Exercise directions
Bring back every record exactly, except for the pictures, which stay out.

Dataset extract

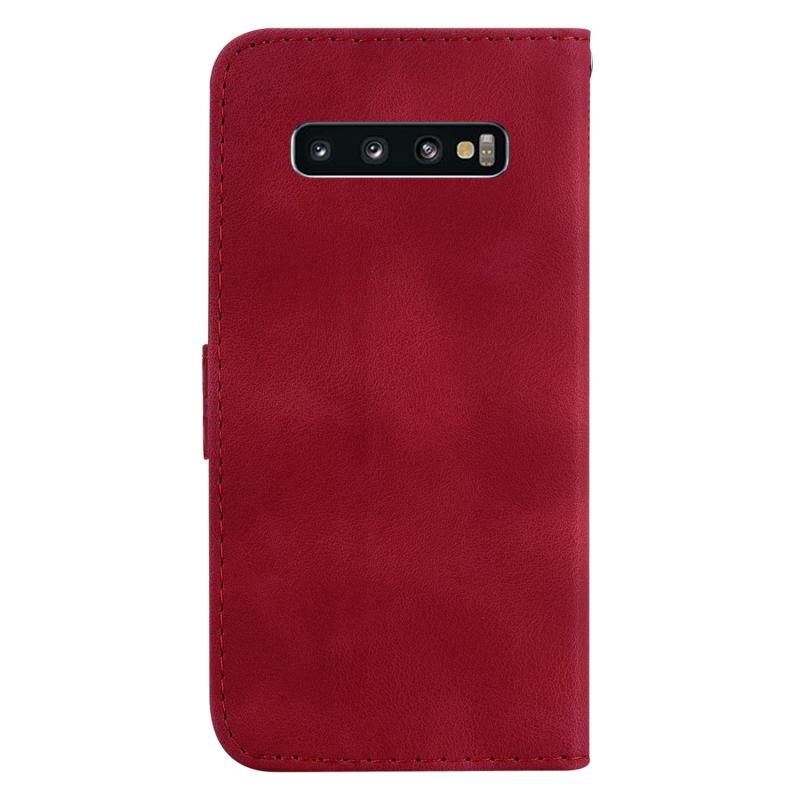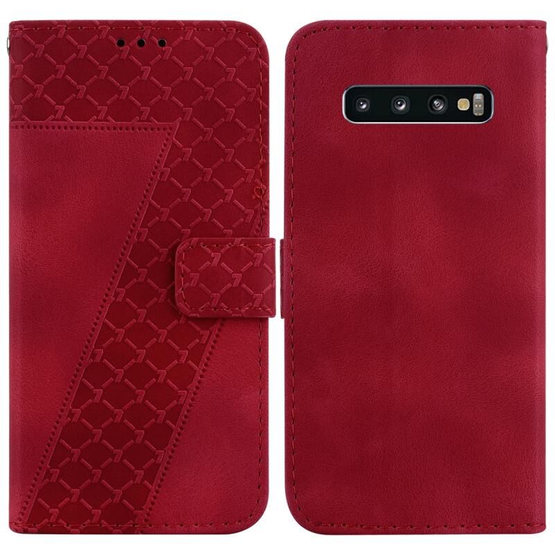 Θήκη Τηλεφώνου από Δέρμα με Εντύπωμα σε Σχήμα Επτά για Samsung Galaxy S10 (Κόκκινο)
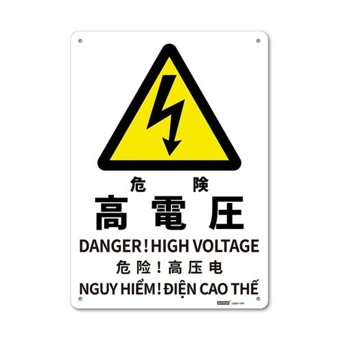 安全標識板(多言語表記・HIPS) 危険高電圧 254×356mm J2687−PM
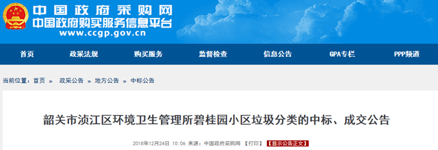 原標(biāo)題:中國(guó)天楹中標(biāo)99.98萬(wàn)韶關(guān)碧桂園小區(qū)垃圾分類項(xiàng)目
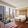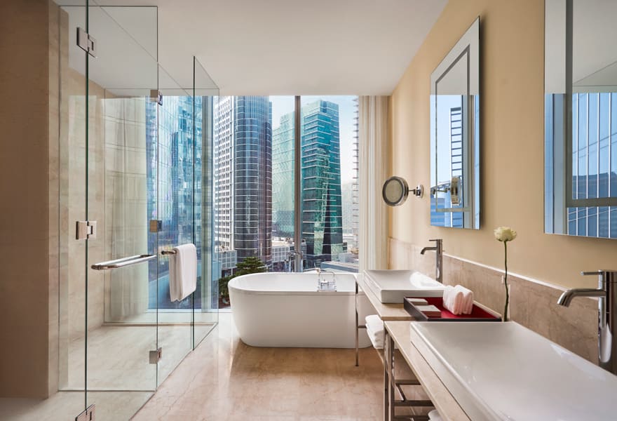 Двуспальная кровать king-size или 2 односпальные кровати, гостиная зона с диваном, окна от пола до потолка, ванная комната с ванной  душем, вид на город;
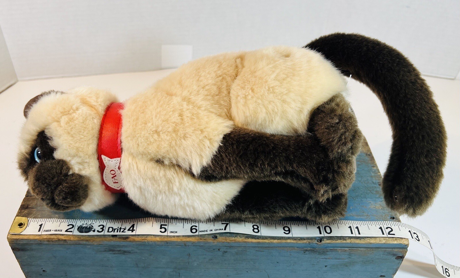 FAO Schwarz Siamese Cat Plush Feline Stuffed Animal w/Red Fish Collar Toys R Us
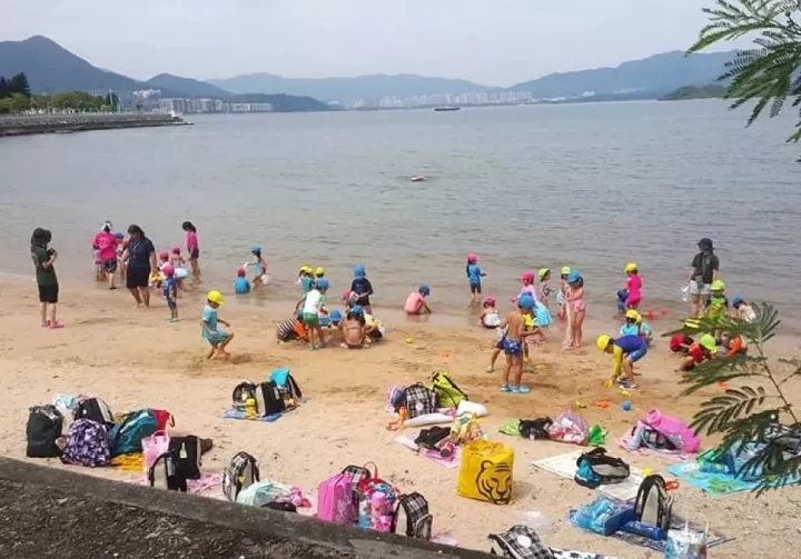 近日,位于香港紅磡的日本人幼兒園“こひつじ幼稚園”的孩子們?cè)诶蠋煄ьI(lǐng)下,到馬鞍山烏溪沙沙灘游玩。
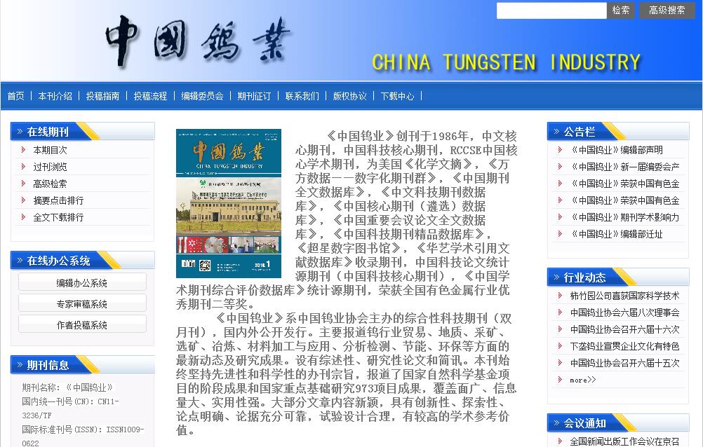 《中國鎢業(yè)》雜志社有限公司經(jīng)國家新聞出版總署、國家工商行政管理總局、北京市工商行政管理局海淀分局批準(zhǔn),于2009年8月正式注冊(cè)成立?!吨袊u業(yè)》系中國鎢業(yè)協(xié)會(huì)主辦的綜合性科技期刊(雙月刊),國內(nèi)外公開發(fā)行。主要報(bào)道鎢行業(yè)貿(mào)易、地質(zhì)、采礦、選礦、冶煉、材料加工與應(yīng)用、分析檢測(cè)、節(jié)能、環(huán)保等方面的最新動(dòng)態(tài)及研究成果。設(shè)有綜述性、研究性論文和簡訊。本刊始終堅(jiān)持先進(jìn)性和科學(xué)性的辦刊宗旨,報(bào)道了國家自然科學(xué)基金項(xiàng)目的階段成果和國家重點(diǎn)基礎(chǔ)研究973項(xiàng)目成果,覆蓋面廣、信息量大、實(shí)用性強(qiáng)。大部分文章內(nèi)容新穎,具有創(chuàng)新性、探索性、論點(diǎn)明確、論據(jù)充分可靠,試驗(yàn)設(shè)計(jì)合理,有較高的學(xué)術(shù)參考價(jià)值。 《中國鎢業(yè)》為中文核心期刊,中國科技核心期刊,RCCSE中國核心學(xué)術(shù)期刊,被美國《化學(xué)文摘》,《萬方數(shù)據(jù)——數(shù)字化期刊群》,《中國期刊全文數(shù)據(jù)庫》,《中文科技期刊數(shù)據(jù)庫》,《中國核心期刊(遴選)數(shù)據(jù)庫》,《中國重要會(huì)議論文全文數(shù)據(jù)庫》,《中國科技期刊精品數(shù)據(jù)庫》,《超星數(shù)字圖書館》,《華藝學(xué)術(shù)引用文獻(xiàn)數(shù)據(jù)庫》收錄期刊,中國科技論文統(tǒng)計(jì)源期刊(中國科技核心期刊),《中國學(xué)術(shù)期刊綜合評(píng)價(jià)數(shù)據(jù)庫》統(tǒng)計(jì)源期刊,榮獲全國有色金屬行業(yè)優(yōu)秀期刊二等獎(jiǎng)。
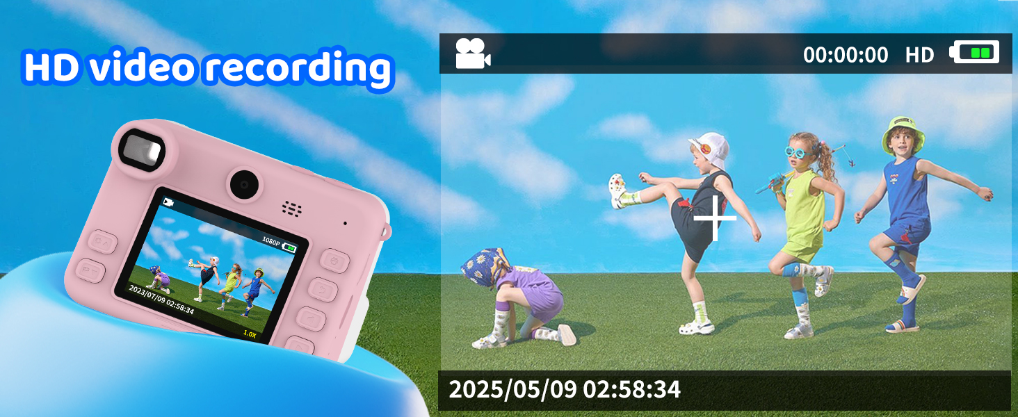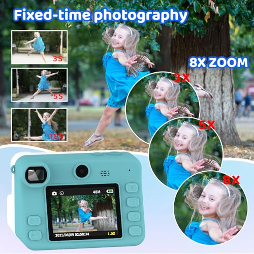 - 1080P HD Video & 8X Zoom – Capture life in detail with 1080P video recording, clear photo shooting, and 8X digital zoom. Perfect for close-ups, landscapes, and everyday adventures. The camera also supports time-lapse shooting, encouraging kids to explore photography in new ways.
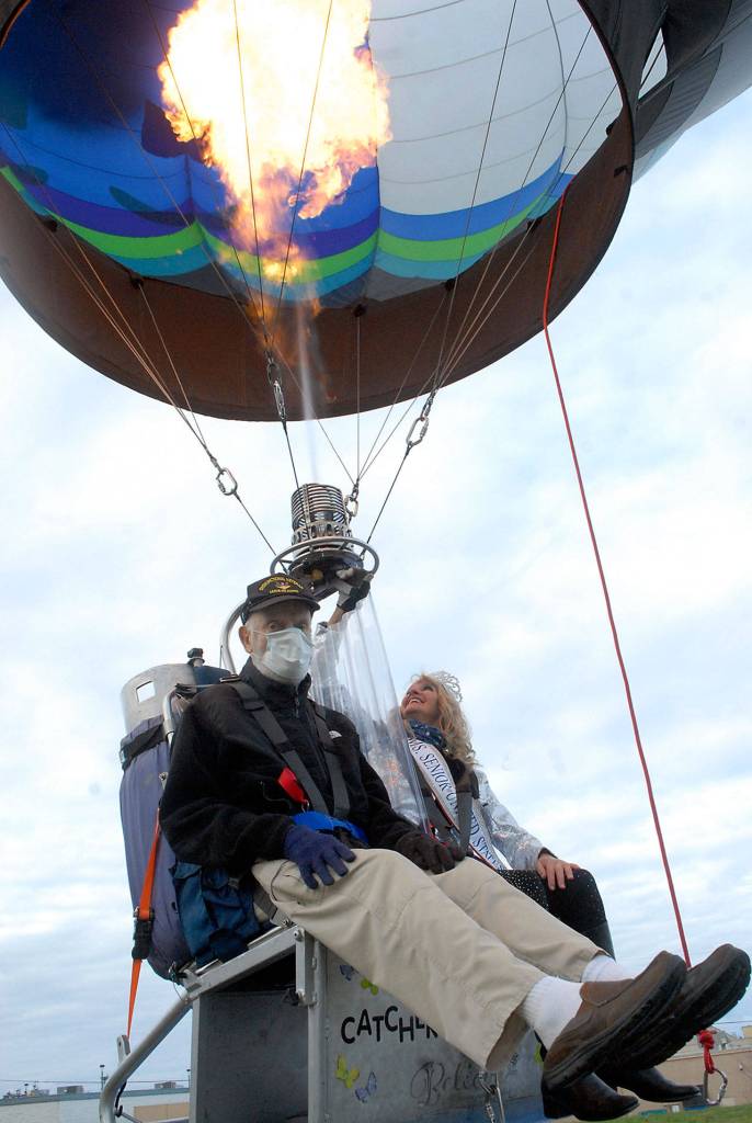 U.S. Navy veteran Lt. Cmdr Frank Hurlbut, 92, a resident of Sinclair Place assisted living community in Sequim, takes a teathered balloon ride with Capt. Crystal Stout of the Dream Catcher Balloon Program on Wednesday. Hurlbut, who as a Navy pilot during his time of service, was one a several Sinclair Place residents who were offered the opportunity to take short rides to enjoy the view.
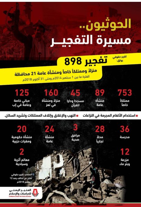 إحصائية ترصد مسيرة مليشيا الحوثي التفجيرية، منذ 1 سبتمبر 2014م حتى 31 أكتوبر 2018م، حيث فجرت عصابة الحوثي 898 منزلا ومسجدا ودارا للقرآن ومرافق صحية وتعليمية وموسسات حكومية ومقرات حزبية.
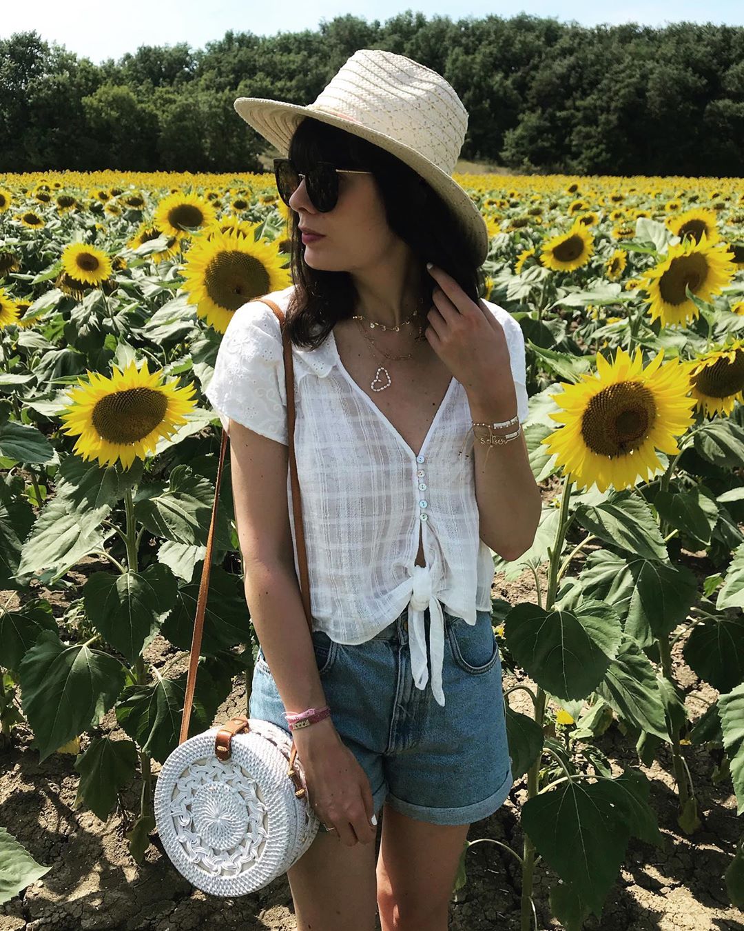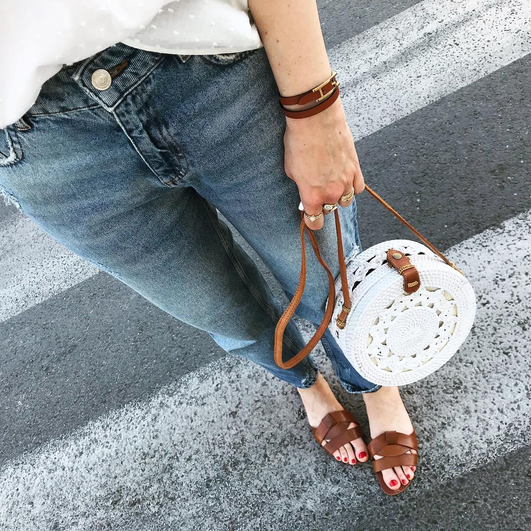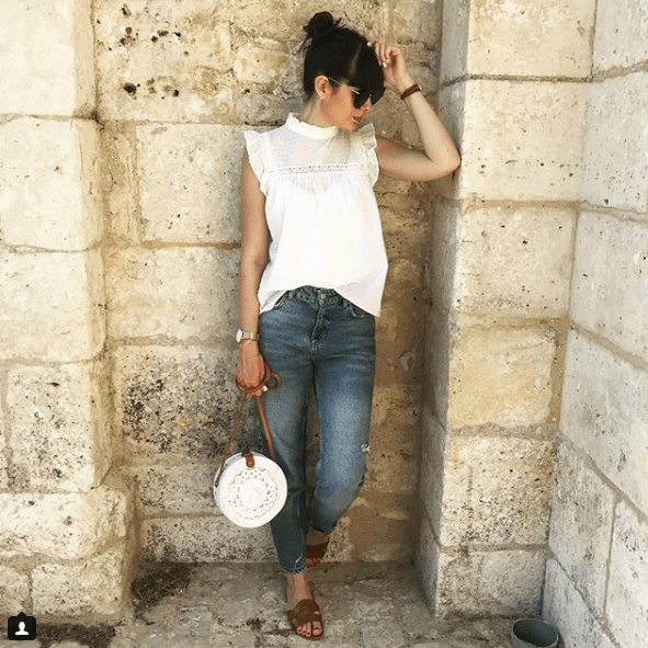 On peut également afficher un look rétro et casual avec un t-shirt brodé (disponible ici), un jean flair ou un short et des sandales en cuir.

Response to the task
 Θήκη Τηλεφώνου από Δέρμα με Εντύπωμα σε Σχήμα Επτά για Samsung Galaxy S10 (Κόκκινο)
 安全標識板(多言語表記・HIPS) 危険高電圧 254×356mm J2687−PM
 原標(biāo)題:中國(guó)天楹中標(biāo)99.98萬(wàn)韶關(guān)碧桂園小區(qū)垃圾分類項(xiàng)目
 Двуспальная кровать king-size или 2 односпальные кровати, гостиная зона с диваном, окна от пола до потолка, ванная комната с ванной  душем, вид на город;
 FAO Schwarz Siamese Cat Plush Feline Stuffed Animal w/Red Fish Collar Toys R Us
 近日,位于香港紅磡的日本人幼兒園“こひつじ幼稚園”的孩子們?cè)诶蠋煄ьI(lǐng)下,到馬鞍山烏溪沙沙灘游玩。
 《中國鎢業(yè)》雜志社有限公司經(jīng)國家新聞出版總署、國家工商行政管理總局、北京市工商行政管理局海淀分局批準(zhǔn),于2009年8月正式注冊(cè)成立?!吨袊u業(yè)》系中國鎢業(yè)協(xié)會(huì)主辦的綜合性科技期刊(雙月刊),國內(nèi)外公開發(fā)行。主要報(bào)道鎢行業(yè)貿(mào)易、地質(zhì)、采礦、選礦、冶煉、材料加工與應(yīng)用、分析檢測(cè)、節(jié)能、環(huán)保等方面的最新動(dòng)態(tài)及研究成果。設(shè)有綜述性、研究性論文和簡訊。本刊始終堅(jiān)持先進(jìn)性和科學(xué)性的辦刊宗旨,報(bào)道了國家自然科學(xué)基金項(xiàng)目的階段成果和國家重點(diǎn)基礎(chǔ)研究973項(xiàng)目成果,覆蓋面廣、信息量大、實(shí)用性強(qiáng)。大部分文章內(nèi)容新穎,具有創(chuàng)新性、探索性、論點(diǎn)明確、論據(jù)充分可靠,試驗(yàn)設(shè)計(jì)合理,有較高的學(xué)術(shù)參考價(jià)值。 《中國鎢業(yè)》為中文核心期刊,中國科技核心期刊,RCCSE中國核心學(xué)術(shù)期刊,被美國《化學(xué)文摘》,《萬方數(shù)據(jù)——數(shù)字化期刊群》,《中國期刊全文數(shù)據(jù)庫》,《中文科技期刊數(shù)據(jù)庫》,《中國核心期刊(遴選)數(shù)據(jù)庫》,《中國重要會(huì)議論文全文數(shù)據(jù)庫》,《中國科技期刊精品數(shù)據(jù)庫》,《超星數(shù)字圖書館》,《華藝學(xué)術(shù)引用文獻(xiàn)數(shù)據(jù)庫》收錄期刊,中國科技論文統(tǒng)計(jì)源期刊(中國科技核心期刊),《中國學(xué)術(shù)期刊綜合評(píng)價(jià)數(shù)據(jù)庫》統(tǒng)計(jì)源期刊,榮獲全國有色金屬行業(yè)優(yōu)秀期刊二等獎(jiǎng)。
 - 1080P HD Video & 8X Zoom – Capture life in detail with 1080P video recording, clear photo shooting, and 8X digital zoom. Perfect for close-ups, landscapes, and everyday adventures. The camera also supports time-lapse shooting, encouraging kids to explore photography in new ways.
 U.S. Navy veteran Lt. Cmdr Frank Hurlbut, 92, a resident of Sinclair Place assisted living community in Sequim, takes a teathered balloon ride with Capt. Crystal Stout of the Dream Catcher Balloon Program on Wednesday. Hurlbut, who as a Navy pilot during his time of service, was one a several Sinclair Place residents who were offered the opportunity to take short rides to enjoy the view.
 إحصائية ترصد مسيرة مليشيا الحوثي التفجيرية، منذ 1 سبتمبر 2014م حتى 31 أكتوبر 2018م، حيث فجرت عصابة الحوثي 898 منزلا ومسجدا ودارا للقرآن ومرافق صحية وتعليمية وموسسات حكومية ومقرات حزبية.
 On peut également afficher un look rétro et casual avec un t-shirt brodé (disponible ici), un jean flair ou un short et des sandales en cuir.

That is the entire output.